Exercise data START
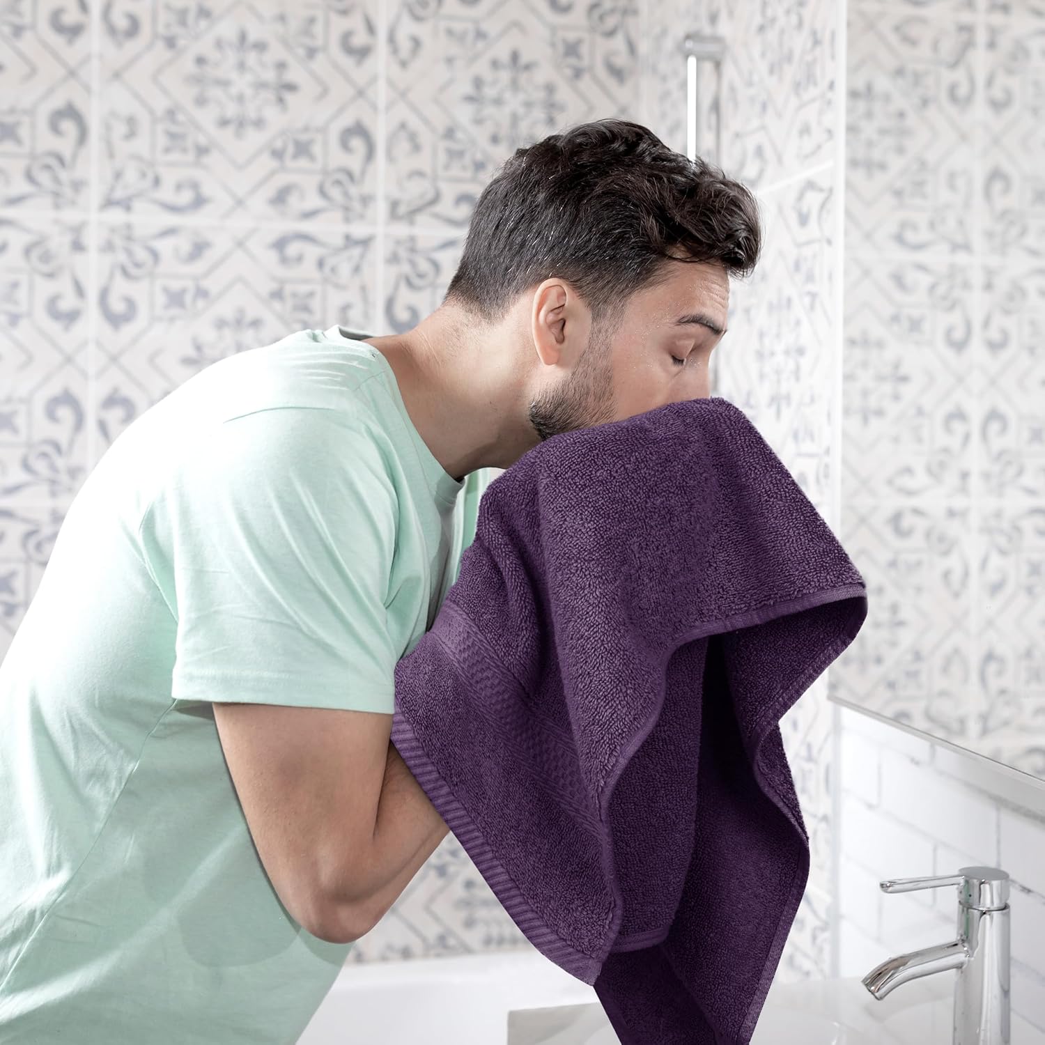 • Инструкции за грижа: За да избегнете неочаквано обезцветяване, препоръчваме да не премахвате или нанасяте козметика, кремове за лице или ексфолианти директно с кърпата.
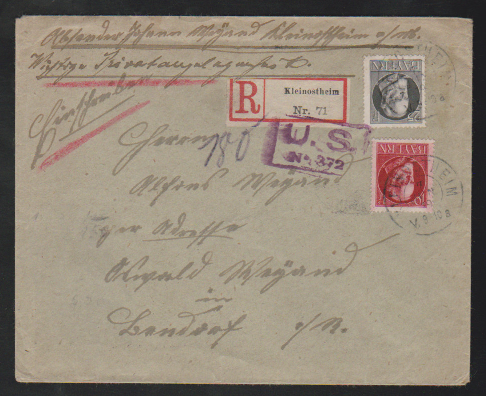 10 u. 20 Pfg. Ludwig auf Zensur-Brief von Kleinostheim 1919 nach Bendorf bei Cöln mit amerik. Zensur
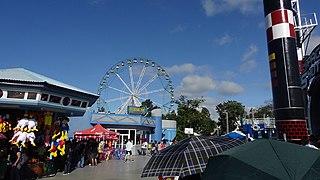 The rides and attractions of the park are scattered across seven themed zones.[5] The zones are Victoria Park, Portabello, Boulderville, Midway Boardwalk, Brooklyn Place, Spaceport, and Jungle Outpost. Victoria Park, which includes the main entrance, is patterned after the Victorian era. Boulderville is a small ride area for children which is similar to the fictional town of Bedrock from The Flintstones. Midway Boardwalk is based on 1930s Coney Island and features the most rides. Jungle Outpost is based on the Amazon Jungle in South America. Spaceport is dedicated to the Space Age. Brooklyn Place is based on 1940s New York and the silent film era. Finally, Portabello is based on the Caribbean/West Indies.[2]
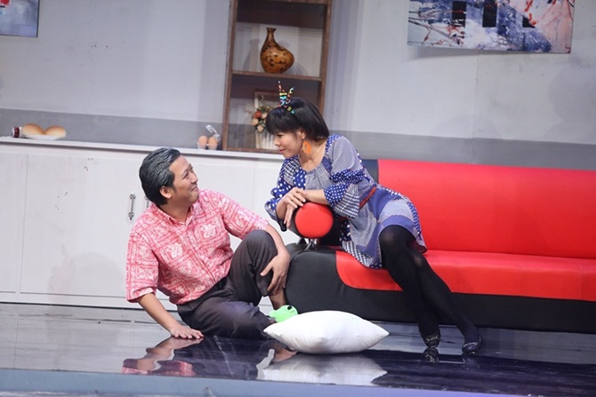 Sự chênh lệch tuổi tác khiến cả hai nhiều lúc khó xử, Trường Giang ngậm ngùi: “Hôm trước dắt bà vào nhà hàng với các ông bạn của tôi, ai cũng nói tôi dắt cháu đi đâu vậy?”, còn Việt Hương nói: “Anh tưởng tôi sung sướng lắm sao, bạn tôi cũng nói đi uống trà sữa dắt ông nội theo làm gì?”.
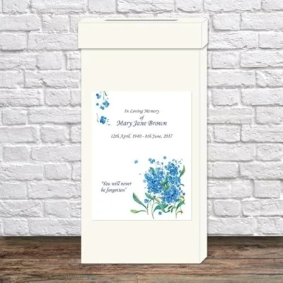 Collect sympathy cards, attendance cards, or charity donations at a funeral service using this tasteful post box. Blue forget me not flowers add a beautiful bit of colour to the accessory. You can fully personalise the wording to suit your needs. HIGH QUALITY: These cards are printed onto high quality 350gsm matte white card. Supplied flat-packed. Simple self-assembly is required. Post box measurements: 25cm x 25cm x 50cm. Lid slot measurements: 21cm x 4cm. MADE WITH LOVE IN THE UK - Here at dotty about paper, our stationery is designed, printed, and hand-packed with love in the UK! All of our customer service is also handled in house in the UK - we are always happy to help! SUSTAINABLE - We are involved in a number of Woodland Creation and Peatland Restoration projects that offset the carbon created in our processes in an effort to benefit the country, the landscape and the global environment. All projects are certified to the Woodland Carbon Code.
Exercise data END
◆ Work to complete
All that is needed is an exact copy of the lines from the top of the entries through the line containing "Sự chênh lệch", pictures left out.

◆ Written response
 • Инструкции за грижа: За да избегнете неочаквано обезцветяване, препоръчваме да не премахвате или нанасяте козметика, кремове за лице или ексфолианти директно с кърпата.
 10 u. 20 Pfg. Ludwig auf Zensur-Brief von Kleinostheim 1919 nach Bendorf bei Cöln mit amerik. Zensur
 The rides and attractions of the park are scattered across seven themed zones.[5] The zones are Victoria Park, Portabello, Boulderville, Midway Boardwalk, Brooklyn Place, Spaceport, and Jungle Outpost. Victoria Park, which includes the main entrance, is patterned after the Victorian era. Boulderville is a small ride area for children which is similar to the fictional town of Bedrock from The Flintstones. Midway Boardwalk is based on 1930s Coney Island and features the most rides. Jungle Outpost is based on the Amazon Jungle in South America. Spaceport is dedicated to the Space Age. Brooklyn Place is based on 1940s New York and the silent film era. Finally, Portabello is based on the Caribbean/West Indies.[2]
 Sự chênh lệch tuổi tác khiến cả hai nhiều lúc khó xử, Trường Giang ngậm ngùi: “Hôm trước dắt bà vào nhà hàng với các ông bạn của tôi, ai cũng nói tôi dắt cháu đi đâu vậy?”, còn Việt Hương nói: “Anh tưởng tôi sung sướng lắm sao, bạn tôi cũng nói đi uống trà sữa dắt ông nội theo làm gì?”.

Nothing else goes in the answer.